• _TASK BRIEF_: Would you give back exactly the lines from the line with "Alternativa rodinného domu" through the end of the entries below, both included, but none of the pictures?

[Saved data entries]
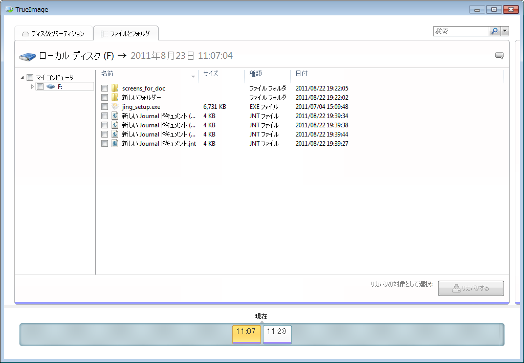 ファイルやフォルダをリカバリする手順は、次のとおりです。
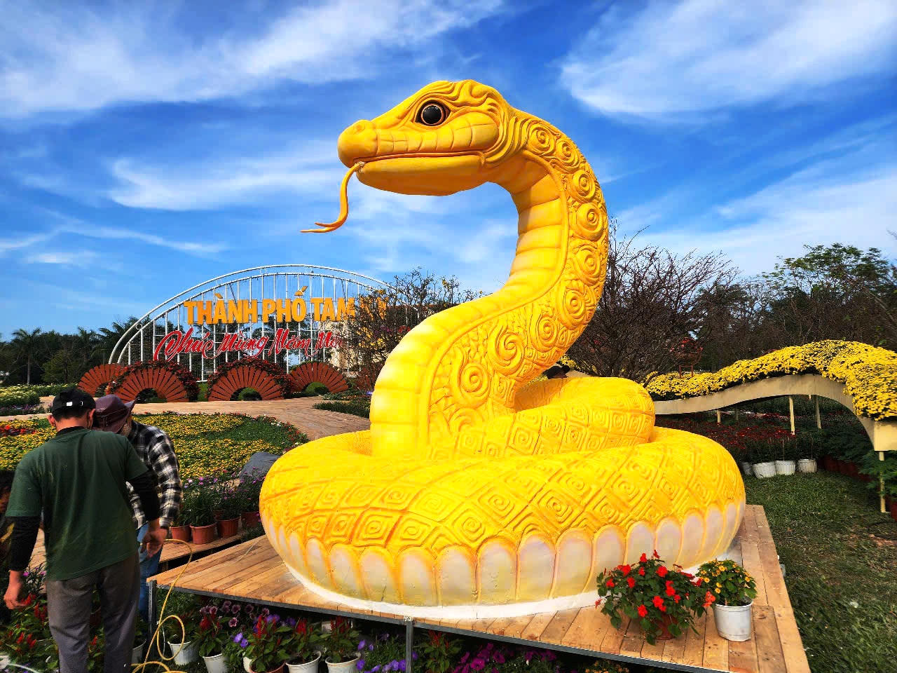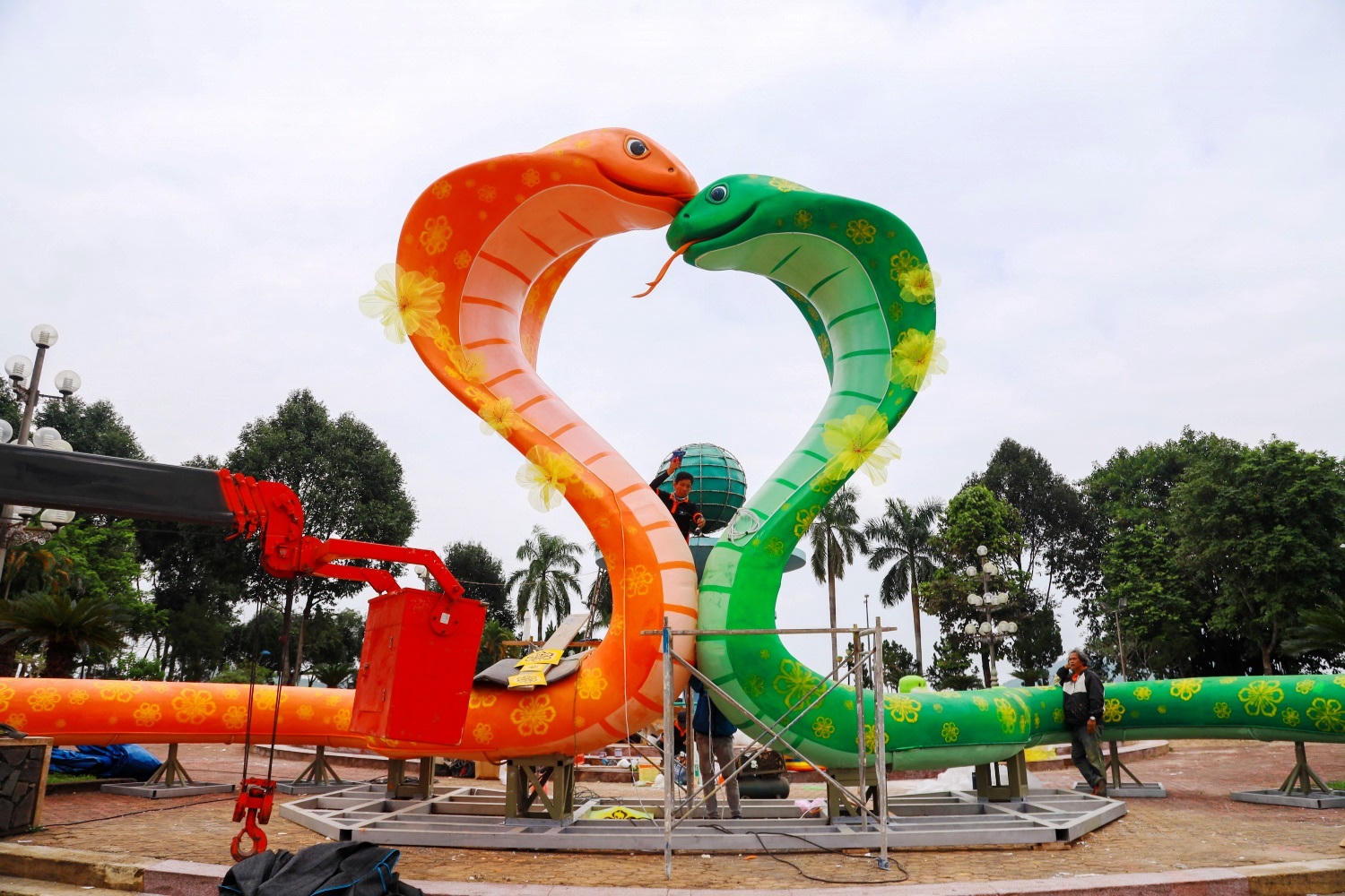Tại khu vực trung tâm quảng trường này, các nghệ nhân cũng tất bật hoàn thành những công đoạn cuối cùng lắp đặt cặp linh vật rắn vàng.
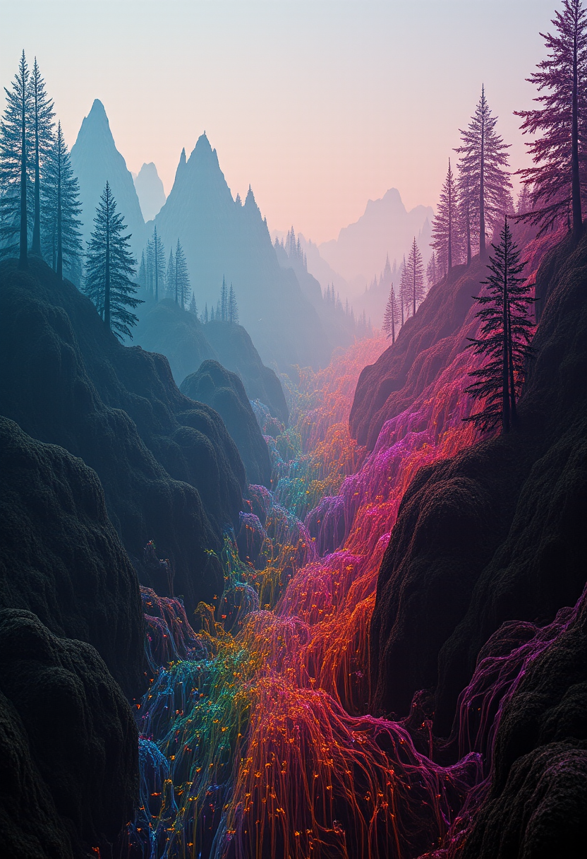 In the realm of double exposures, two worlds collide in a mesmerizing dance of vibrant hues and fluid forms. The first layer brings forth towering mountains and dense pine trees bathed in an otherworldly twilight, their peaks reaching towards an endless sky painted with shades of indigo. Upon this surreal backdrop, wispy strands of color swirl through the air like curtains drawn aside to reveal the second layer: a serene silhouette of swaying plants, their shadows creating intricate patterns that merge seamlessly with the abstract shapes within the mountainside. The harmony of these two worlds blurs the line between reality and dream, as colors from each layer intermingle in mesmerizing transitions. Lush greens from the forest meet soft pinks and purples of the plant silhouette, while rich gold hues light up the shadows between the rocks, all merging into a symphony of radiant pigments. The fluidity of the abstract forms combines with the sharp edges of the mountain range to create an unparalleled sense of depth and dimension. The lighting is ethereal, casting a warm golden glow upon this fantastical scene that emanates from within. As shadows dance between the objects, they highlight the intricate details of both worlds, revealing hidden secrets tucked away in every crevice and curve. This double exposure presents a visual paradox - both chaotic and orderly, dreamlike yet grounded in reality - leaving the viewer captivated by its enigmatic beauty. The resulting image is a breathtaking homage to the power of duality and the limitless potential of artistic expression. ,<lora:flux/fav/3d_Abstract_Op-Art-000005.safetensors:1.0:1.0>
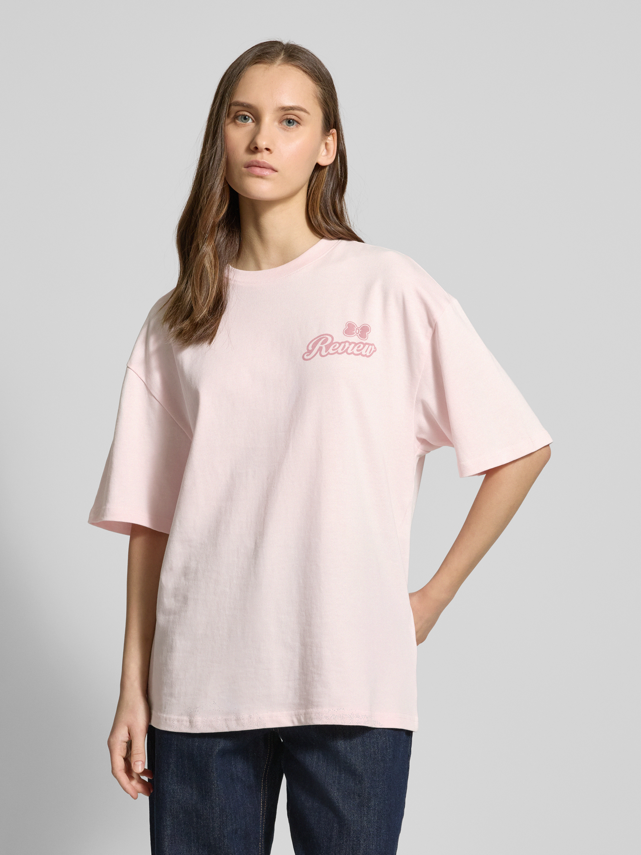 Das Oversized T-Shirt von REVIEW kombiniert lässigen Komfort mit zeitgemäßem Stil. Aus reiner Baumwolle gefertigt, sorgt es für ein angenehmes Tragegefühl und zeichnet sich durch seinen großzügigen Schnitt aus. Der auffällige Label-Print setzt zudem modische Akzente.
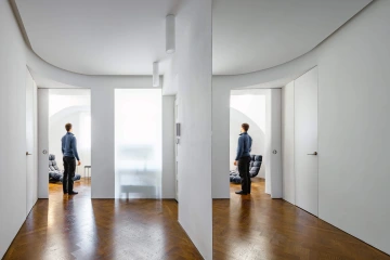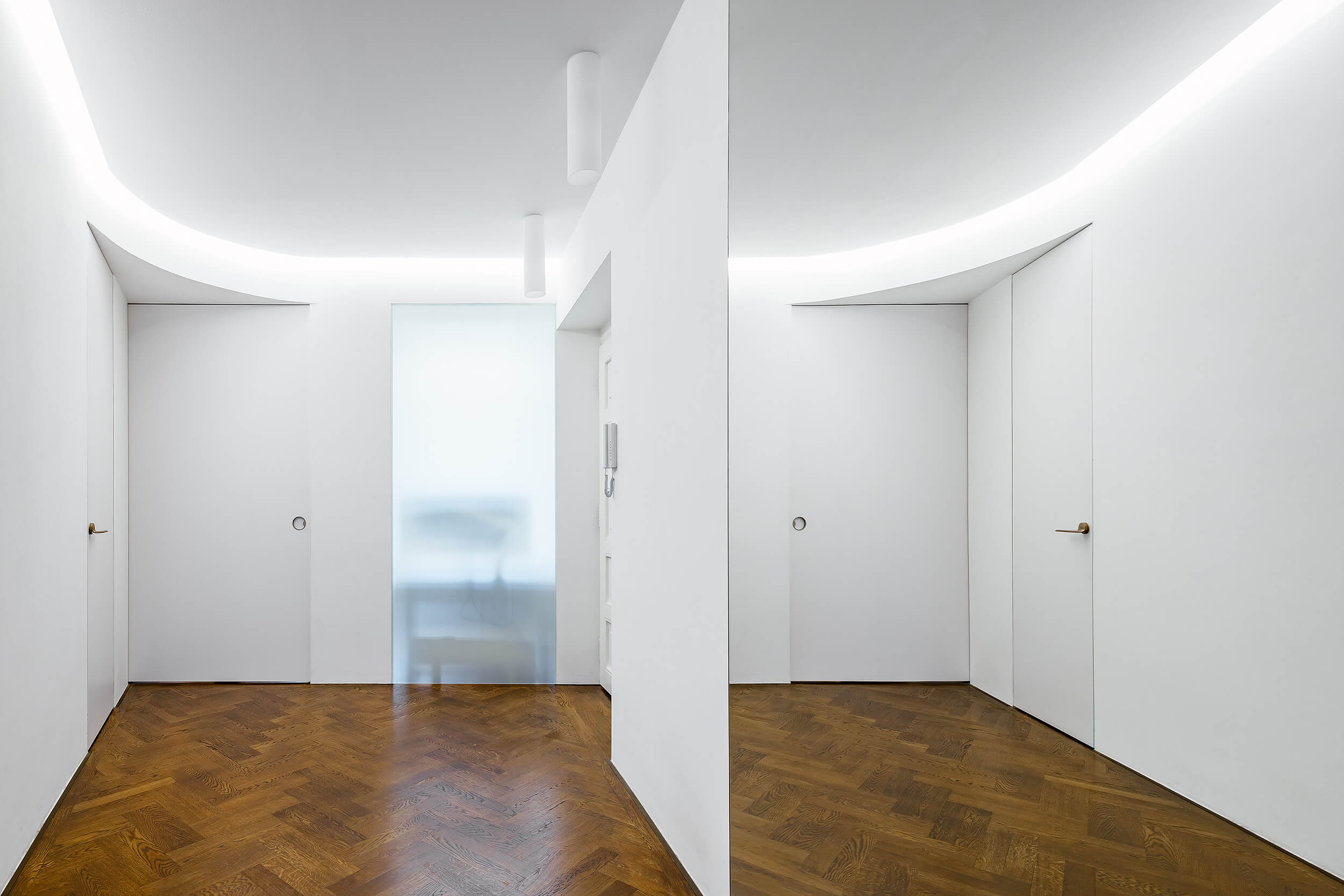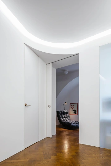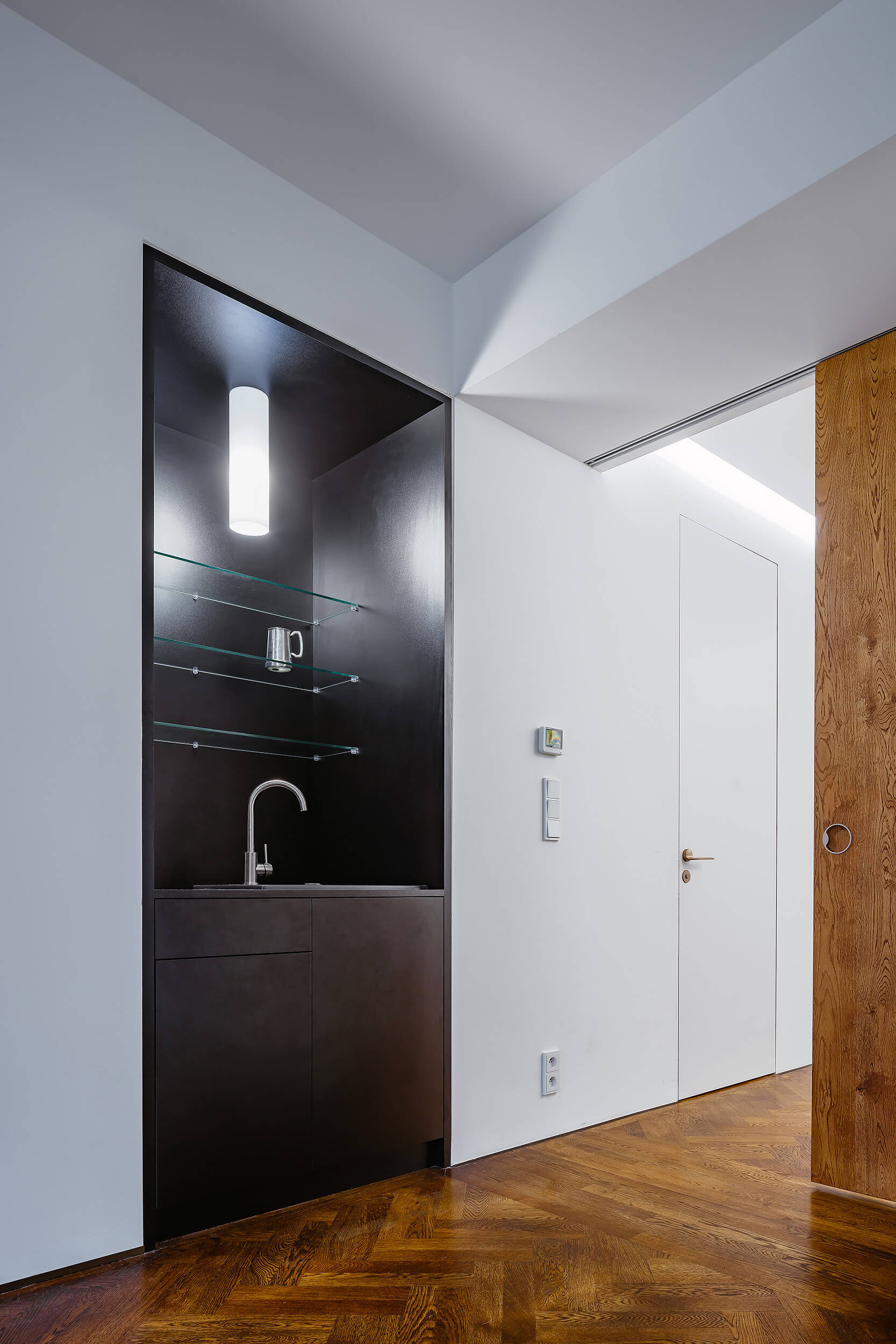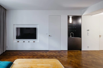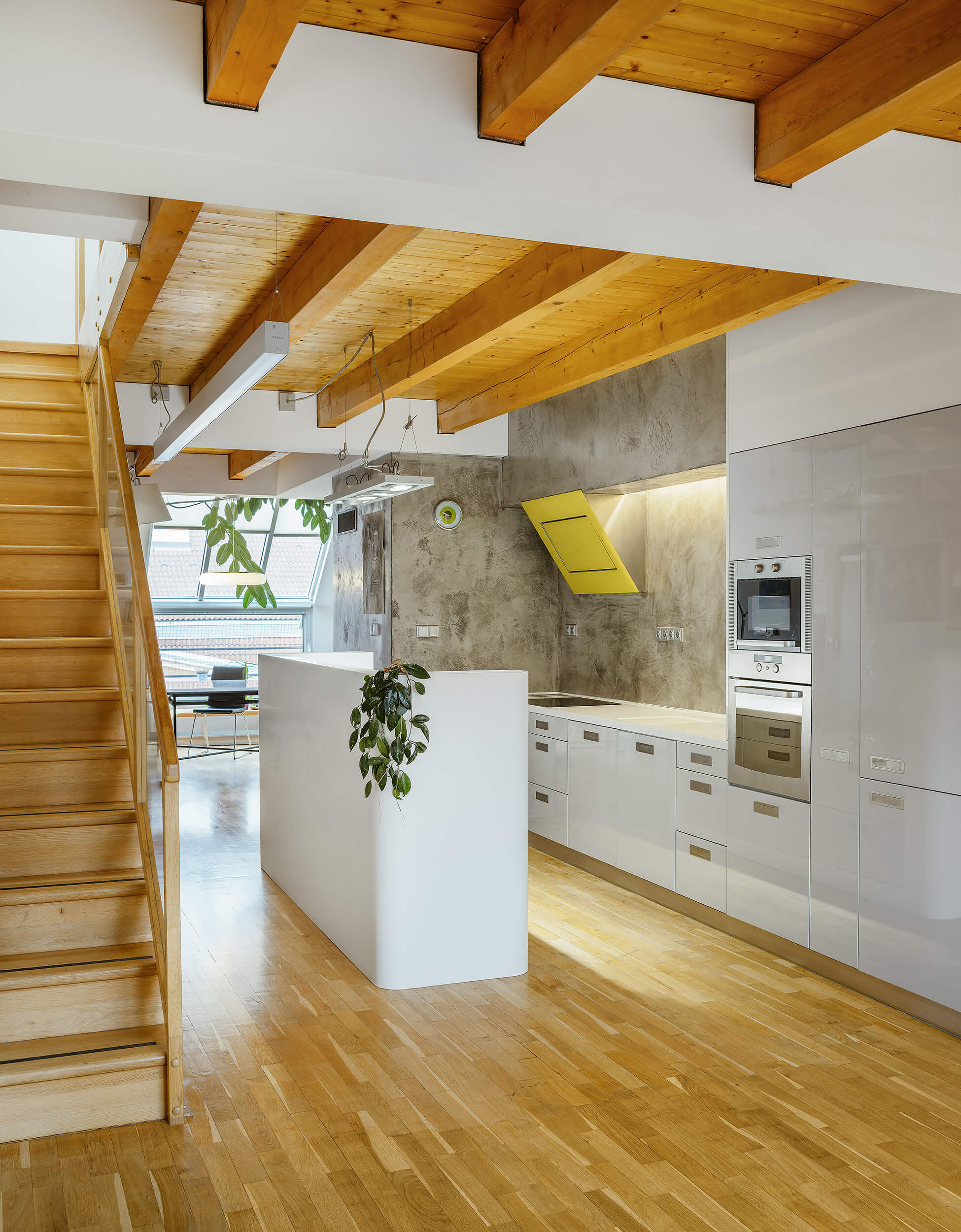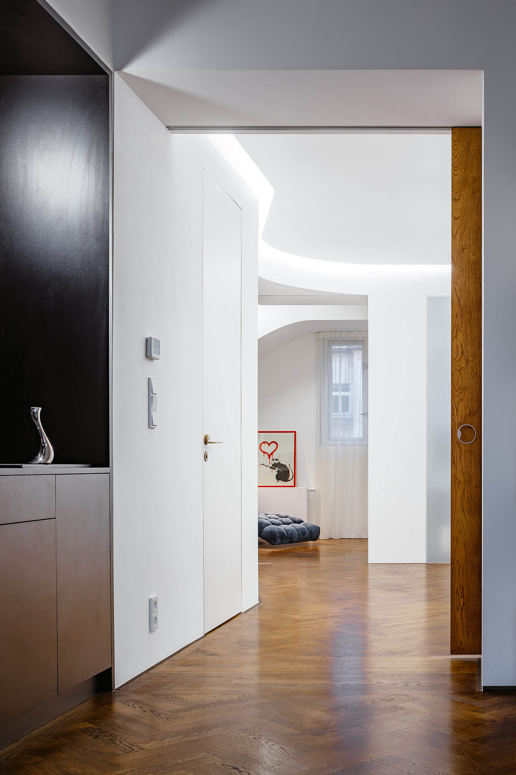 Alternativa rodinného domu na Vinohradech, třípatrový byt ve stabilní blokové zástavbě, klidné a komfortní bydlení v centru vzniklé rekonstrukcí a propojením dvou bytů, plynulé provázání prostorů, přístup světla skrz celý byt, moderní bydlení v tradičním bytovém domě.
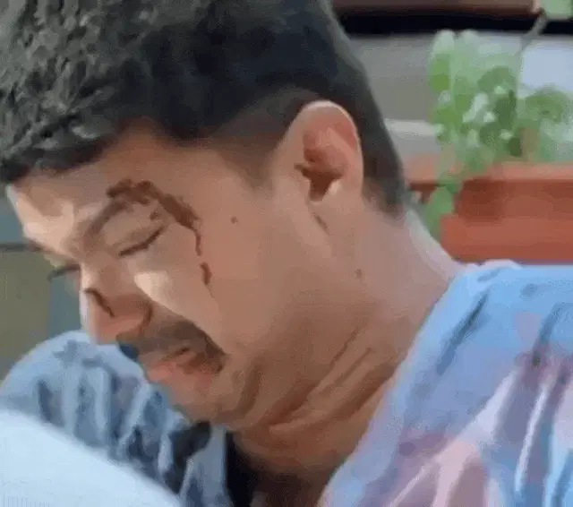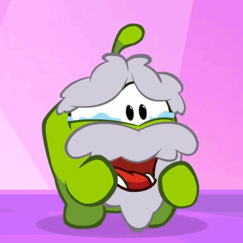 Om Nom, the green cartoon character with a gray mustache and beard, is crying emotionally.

• _ANSWER BELOW_:
 Alternativa rodinného domu na Vinohradech, třípatrový byt ve stabilní blokové zástavbě, klidné a komfortní bydlení v centru vzniklé rekonstrukcí a propojením dvou bytů, plynulé provázání prostorů, přístup světla skrz celý byt, moderní bydlení v tradičním bytovém domě.
 Om Nom, the green cartoon character with a gray mustache and beard, is crying emotionally.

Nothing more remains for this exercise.